Our data preprocessing involved dropping rows/columns with missing values, one-hot encoding categorical features, splitting data into train and test sets, and scaling data using StandardScaler().

def preprocess_inputs(df):
    df = df.copy()
    
    # Drop unused columns
    df = df.drop(['rowid', 'kepid', 'kepoi_name', 'kepler_name', 'koi_pdisposition', 'koi_score'], axis=1)
    
    # Limit target values to CANDIDATE and CONFIRMED
    false_positive_rows = df.query("koi_disposition == 'FALSE POSITIVE'").index
    df = df.drop(false_positive_rows, axis=0).reset_index(drop=True)
    
    # Drop columns with all missing values
    df = df.drop(['koi_teq_err1', 'koi_teq_err2'], axis=1)
    
    # Fill remaining missing values
    df['koi_tce_delivname'] = df['koi_tce_delivname'].fillna(df['koi_tce_delivname'].mode()[0])
    for column in df.columns[df.isna().sum() > 0]:
        df[column] = df[column].fillna(df[column].mean())
    
    # One-hot encode koi_tce_delivname column
    delivname_dummies = pd.get_dummies(df['koi_tce_delivname'], prefix='delivname')
    df = pd.concat([df, delivname_dummies], axis=1)
    df = df.drop('koi_tce_delivname', axis=1)
    
    # Split df into X and y
    y = df['koi_disposition']
    X = df.drop('koi_disposition', axis=1)
    
    # Train-test split
    X_train, X_test, y_train, y_test = train_test_split(X, y, train_size=0.7, shuffle=True, random_state=1)
    
    # Scale X
    scaler = StandardScaler()
    scaler.fit(X_train)
    X_train = pd.DataFrame(scaler.transform(X_train), index=X_train.index, columns=X_train.columns)
    X_test = pd.DataFrame(scaler.transform(X_test), index=X_test.index, columns=X_test.columns)
    
    return X_train, X_test, y_train, y_test
X_train, X_test, y_train, y_test = preprocess_inputs(data)

Finally, Training the ML Models:

We train the following ML Algorithms on the above-preprocessed data:

Logistic Regression, Neural Network — MLP Classifier, Random Forest Classifier and Gradient Boosting Classifier.

models = {
    "Logistic Regression": LogisticRegression(),
    "     Neural Network": MLPClassifier(),
    "      Random Forest": RandomForestClassifier(),
    "  Gradient Boosting": GradientBoostingClassifier(),
}

for name, model in models.items():
    model.fit(X_train, y_train)
    print(name + " trained.")

Analysing Model Performance

The ML Algorithms: We applied various ML algorithms, including Logistic Regression, Neural Network (MLP Classifier), Random Forest Classifier, and Gradient Boosting Classifier.

models = {
    "Logistic Regression": LogisticRegression(),
    "     Neural Network": MLPClassifier(),
    "      Random Forest": RandomForestClassifier(),
    "  Gradient Boosting": GradientBoostingClassifier(),
}

for name, model in models.items():
    model.fit(X_train, y_train)
    print(name + " trained.")

Performance Metrics: We evaluate these models based on accuracy, precision, F1-score, and recall metrics.

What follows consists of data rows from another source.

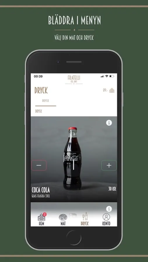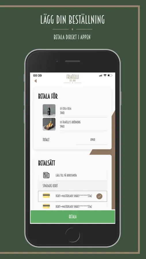I vår app kan du beställa din mat och betala din order direkt i telefonen.
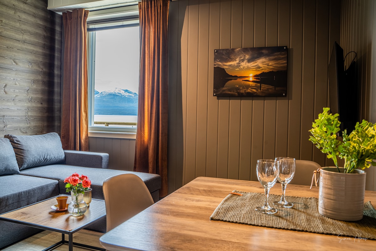Apartamento moderno recién renovado con capacidad para 4 huéspedes. Perfecto para quienes buscan experimentar las auroras boreales y otras aventuras en el Ártico, ya sea de forma independiente o con operadores locales. Olderdalen se encuentra junto a Lyngenfjord, aproximadamente a 2,5 horas en auto de Tromsø. Una tienda de comestibles local y el ferry a Lyngen están a poca distancia del apartamento.
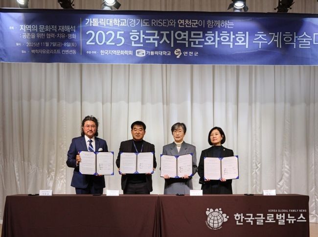 (한국글로벌뉴스 - 박소연 기자) 경기문화재단 전곡선사박물관은 지난 7일 백학자유로리조트 컨벤션센터에서 연천군, 가톨릭대학교, 한국지역문화학회와 경기도 RISE 사업과 연계한 ’경기북부 지역혁신 네트워크 구축‘ 업무협약(MOU)을 체결했다.
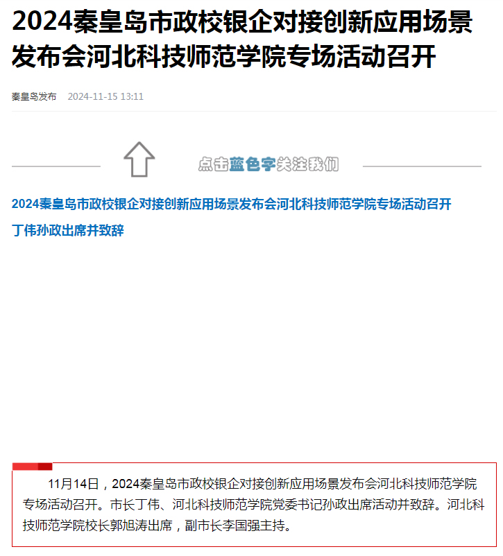 2024年11月15日,秦皇岛发布以2024秦皇岛市政校银企对接创新应用场景发布会万象城awcsport专场活动召开为题对万象城awcsport承办的2024秦皇岛市政校银企对接创新应用场景发布会万象城awcsport专场活动进行了宣传报道。

def get_classifications(y_test, y_pred, positive_label='CONFIRMED'):
    tp = 0
    fn = 0
    fp = 0
    tn = 0
    
    for y_t, y_p in zip(y_test, y_pred):
        if y_t == positive_label:
            if y_p == positive_label:
                tp += 1
            else:
                fn += 1
        else:
            if y_p == positive_label:
                fp += 1
            else:
                tn += 1
    
    return tp, fn, fp, tn

def get_accuracy(tp, fn, fp, tn):
    acc = (tp + tn) / (tp + fn + fp + tn)
    return acc

def get_precision(tp, fn, fp, tn):
    precision = tp / (tp + fp)
    return precision

def get_recall(tp, fn, fp, tn):
    recall = tp / (tp + fn)
    return recall

def get_f1_score(tp, fn, fp, tn):
    precision = get_precision(tp, fn, fp, tn)
    recall = get_recall(tp, fn, fp, tn)
    f1_score = (2 * precision * recall) / (precision + recall)
    return f1_score

Choosing the Best Model

After rigorous analysis, we conclude that the Gradient Boost Classifier boasts the highest accuracy, making it our top choice for exoplanet detection in future data.